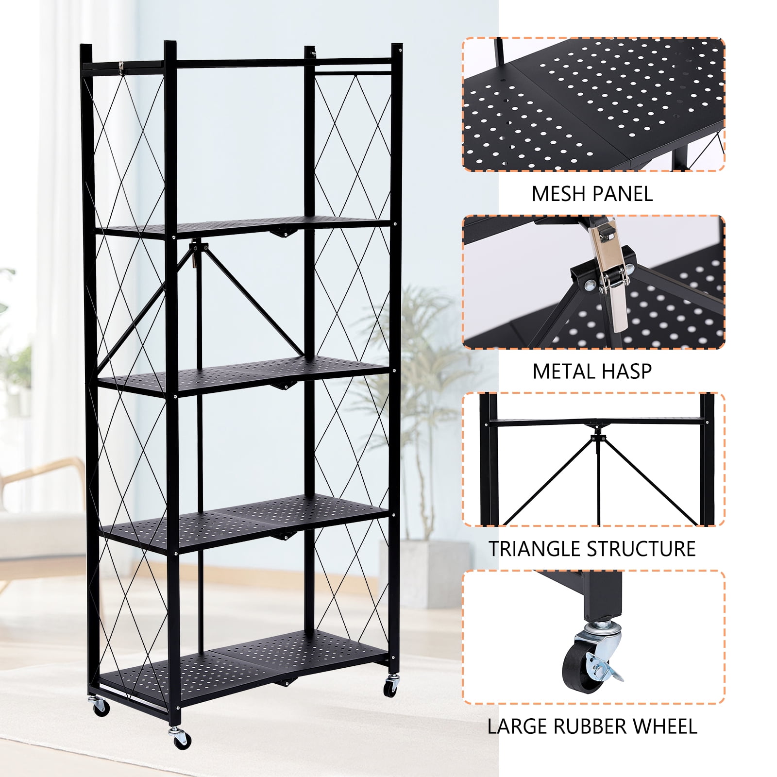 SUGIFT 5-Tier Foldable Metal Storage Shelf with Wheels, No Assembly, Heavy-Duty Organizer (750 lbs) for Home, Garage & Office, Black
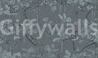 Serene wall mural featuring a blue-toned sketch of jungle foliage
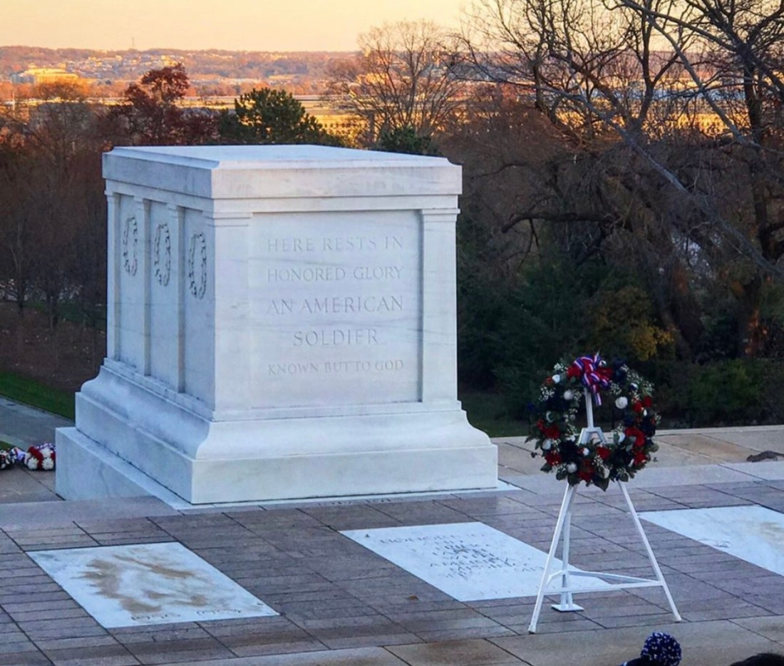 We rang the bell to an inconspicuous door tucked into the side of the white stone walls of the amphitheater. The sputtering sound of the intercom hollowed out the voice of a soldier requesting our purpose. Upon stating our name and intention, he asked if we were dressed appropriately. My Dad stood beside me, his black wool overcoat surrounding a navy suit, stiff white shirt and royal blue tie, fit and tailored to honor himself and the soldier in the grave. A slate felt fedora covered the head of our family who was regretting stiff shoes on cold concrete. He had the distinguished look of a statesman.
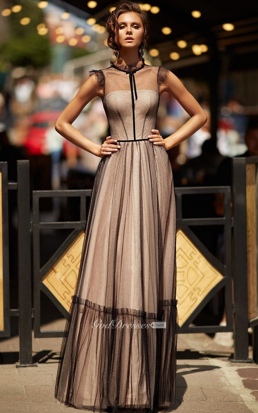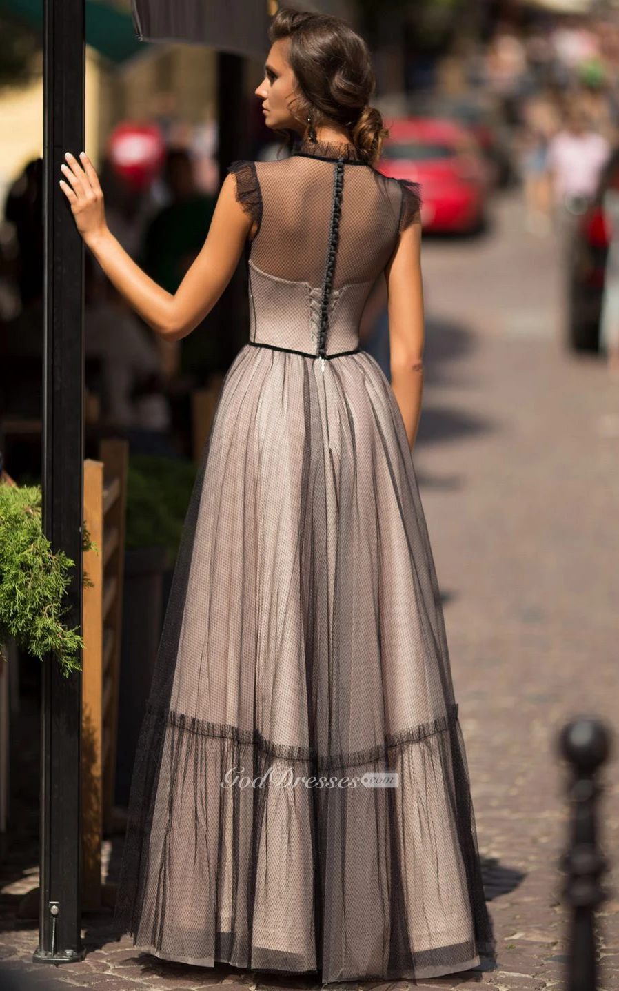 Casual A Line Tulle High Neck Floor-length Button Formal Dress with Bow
==
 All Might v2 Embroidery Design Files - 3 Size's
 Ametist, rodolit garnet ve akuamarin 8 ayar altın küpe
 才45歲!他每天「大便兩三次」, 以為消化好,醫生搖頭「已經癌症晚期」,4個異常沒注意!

* [WORK ITEM]: Every line above from the one with "SUGIFT 5-Tier Foldable" down to the one with "Serene wall mural" must be written out exactly, and no picture may appear.

* [EXERCISE ANSWER]:
 SUGIFT 5-Tier Foldable Metal Storage Shelf with Wheels, No Assembly, Heavy-Duty Organizer (750 lbs) for Home, Garage & Office, Black
 Serene wall mural featuring a blue-toned sketch of jungle foliage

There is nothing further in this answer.